In January, the Minnesota Secretary of State’s office convened with representatives from 50 counties and federal agencies for a half-day election security training. That event included video vignettes and coordinated discussions around the threat of deepfakes and AI, which were folded into broader exercises and dialogue about disinformation, cybersecurity and physical threats.

Officials in Minnesota are also developing some new tools. Last year, Minnesota passed a law banning the use of AI-generated content that impersonates another person without their permission and using that content to influence an election within 90 days of voters going to the polls.
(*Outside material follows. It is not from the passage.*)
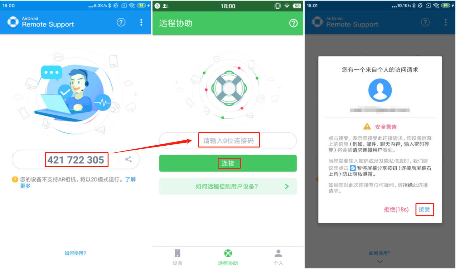 被协助方可在Remote Support中选择立即开启屏幕共享,协助方也可以在AirMirror邀请对方开启屏幕共享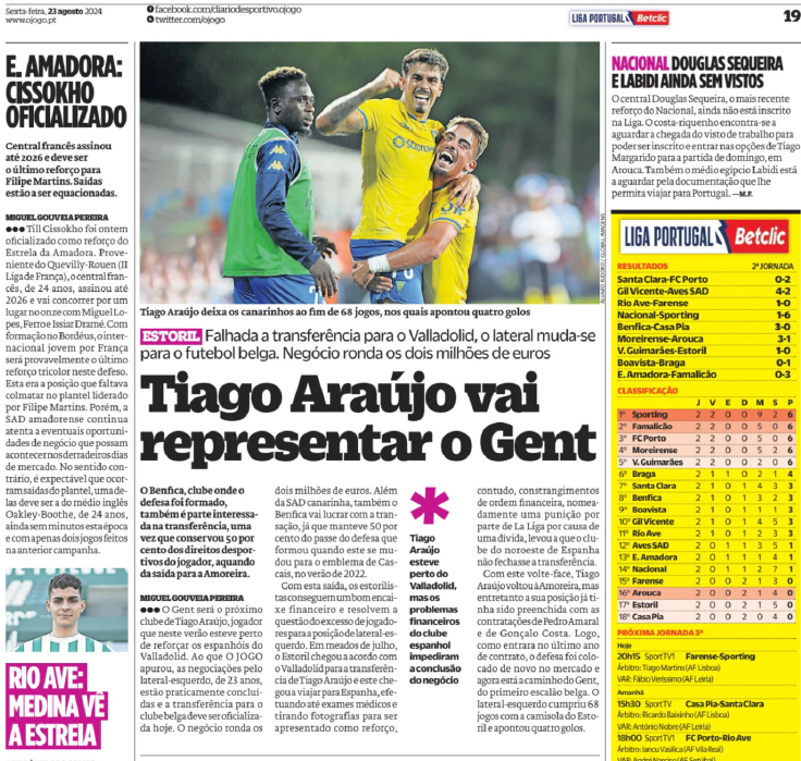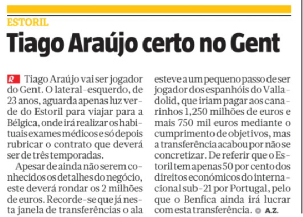 El fichaje frustrado del Real Valladolid Tiago Araujo cambiará de equipo en las próximas horas, desde el diario O JOGO informan que fichará por el Gent y dejará 2 millones de euros en las arcas del Estoril, el citado medio señala que su fichaje por el Real Valladolid se truncó por los problemas económicos del equipo blanquivioleta que impidieron finalizar el acuerdo entre clubes.

States like Michigan have passed similar laws this year, and Simon said the Minnesota statute would give his office the ability to seek court-ordered takedowns for individuals and platforms that disseminate deepfakes online.

Deepfakes are merely the latest twist in election officials’ ongoing battle against disinformation. “Don’t think of it as some brand-new thing you have to learn about or be an expert in. It’s just a new method of expanding the challenge,” he said. 

But states like Arizona and Minnesota appear to be outliers in their preparations for AI-generated disinformation targeting elections. Last month, CNN reached out to election officials in all 50 states and asked about their plans to combat deepfakes this election cycle. Of the 33 that responded, fewer than half cited specific trainings, policies or programs to deal with the threat.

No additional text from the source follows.